Sholakia () is a locality near Kishoreganj town in Bangladesh. It is famous for its Eidgah where the largest congregation of Eid prayer in Bangladesh is held on the occasion of Eid ul-Fitr, the day of celebration after the Ramadan, the month of fasting. 400,000 people join the prayer on every Eid. The Eidgah, on the bank of river Narosunda is reported to be  in size, accommodating 250 rows or about 150,000 of participants for every congregation. An equal number of participants take part in the prayer using the fields, roads and courtyards around the Eidgah.

A small number of elites make use of the two-storied mimbar (prayer hall with towers for adhan) nearby, which can accommodate about 500 people. The prayer on the occasion of Eid ul-Adha, the festival of qurbani or sacrifice, is also comparably large. The regular population of Sholakia is 1,026, consisting 180 households.

Organization
Farid Uddin Masud has been conducting the eid prayers since 2009.  The Eidgah has an executive committee of 51 members with the District Commissioner (DC) as the president. For every congregation, district police administration deploys a large number of police officers equipped with metal detectors, mine detectors and close circuit cameras. Medical teams and fire brigades are also kept alert during the prayers. Eid ul-Fitr is the biggest religious festival in the Muslim-dominated Bangladesh, followed by Eid ul-Adha.

History
Syed Ahmed, a saint (known as peer) and an Islamic leader of Kishoregonj lived in Sholakia, Shaheb bari, organised the first Eid congregation in 1828 in the fields of his own taluk. Syed Ibrahim, Father of Syed Ahmed came from what is now Saudi Arabia through Yemen and then he came to India.  He preached Islam in 24 Porganas of India and protested against different Subversive activities of British against the locals. Then he migrated to Comilla and then at Mymensingh.
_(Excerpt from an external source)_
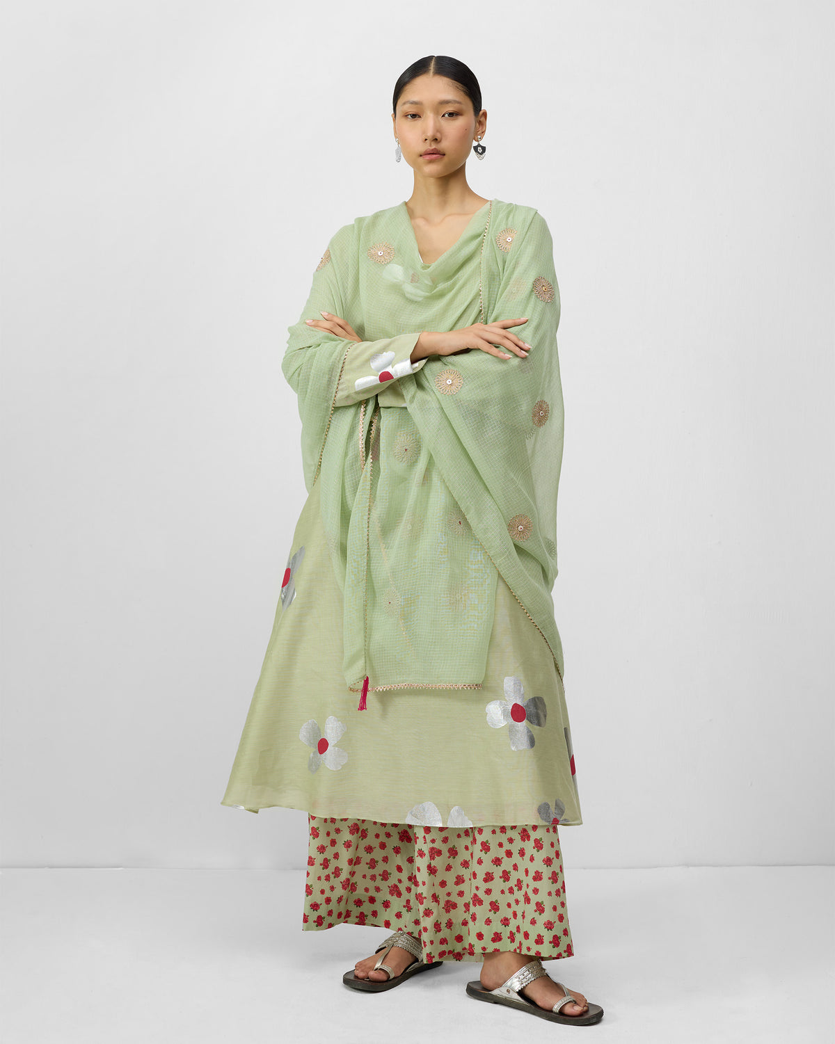 - Crafted in cotton-silk Kota, it’s embroidered all over with silver gota florals that glint softly as you move.
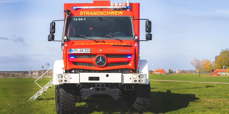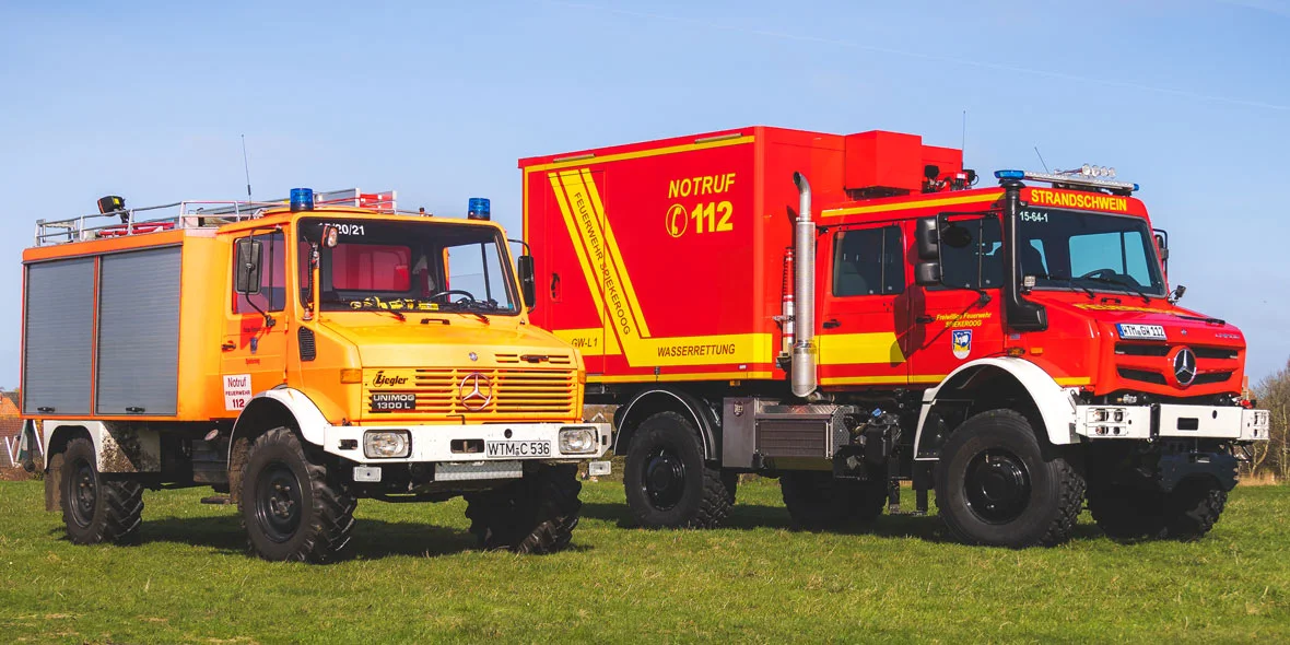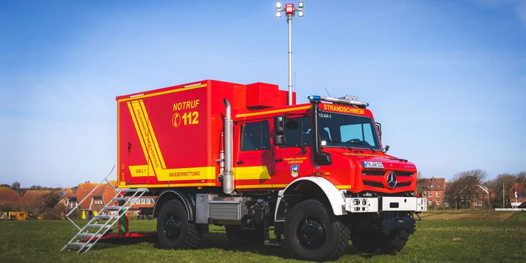Dal punto di vista dei vigili del fuoco nordici, i "Floriansjünger", inoltre, c'erano solo pochi veicoli che avessero la necessaria profondità di guado fino a 1,2 metri, potessero avanzare senza problemi sul terreno sabbioso con un carico utile di circa 3500 kg e rimanessero altamente flessibili nell'uso: "Non poteva che essere l'Unimog", dice Claas Warenski, "questo era chiaro fin dall'inizio".

After few years later Syed Ibrahim went to Mecca to observe the Hajj. But His wife lived in Nikli of Kishoregonj. By this time Syed Ahmed took born. He educated at Azimpur, Dhaka and He participated in Fakir movement from Mymensingh. Later, towards the end of the 18th century, he moved to Sholakia, Shaheb Bari to begin Islamic activities. In 1827 he founded the first Mosque of Kishoreganj at Sholakia, Shaheb Bari. He observed different Islamic activities at the majar of Bora Pir (Shah Monnoon, other opinion the name was Moyezuddin Moznu) of Kishoregonj at Sholakia, Shaheb Bari The local myth says that 125,000 people turned out at that congregation, hence the name Sholakia (shoa meaning one and a quarter and lakh meaning a hundred thousand). During foundation of Eidgah, Zamindar of Jangalbari and Hybathnagor helped Syed Shaheb. Dewan Mannan Dad Khan of Hybathnagor, who was a descendant of Isa Khan, donated  of land to the Eidgah in 1950.

Other features

Sholakia, standing by Kishoreganj-Karimganj road, the commercial artery of the area, is almost free from arsenic contamination of groundwater, a menace in the Ganges Basin and elsewhere Binangladesh. Divided into Kharompatty and Kolapara mahallas, Sholakia has a sporting club, Sholakia Sporting Club, that takes part in local level soccer tournaments. Manufacturing bricks and tiles is a major commercial activity here.

2016 bombing
On 7 July 2016, half an hour before prayers were to begin Thursday morning, a bombing at the site killed two police officers and a civilian. A group of men approached a police checkpoint, at a high school near the prayer ground, and set off a bomb, said Tofazzel Hossain, an assistant superintendent of the Kishoreganj police. "They attacked the police out of nowhere," said Mr. Hossain, who said some of the attackers had been carrying guns and bladed weapons. Six other police officers were seriously wounded, said a police inspector, Mueid Chowdhury, but they were expected to survive. At least five civilians were also hurt. The police killed one of the attackers and arrested two others, Mr. Hossain said. A search was underway for the other assailants. There was no immediate claim of responsibility for the attack.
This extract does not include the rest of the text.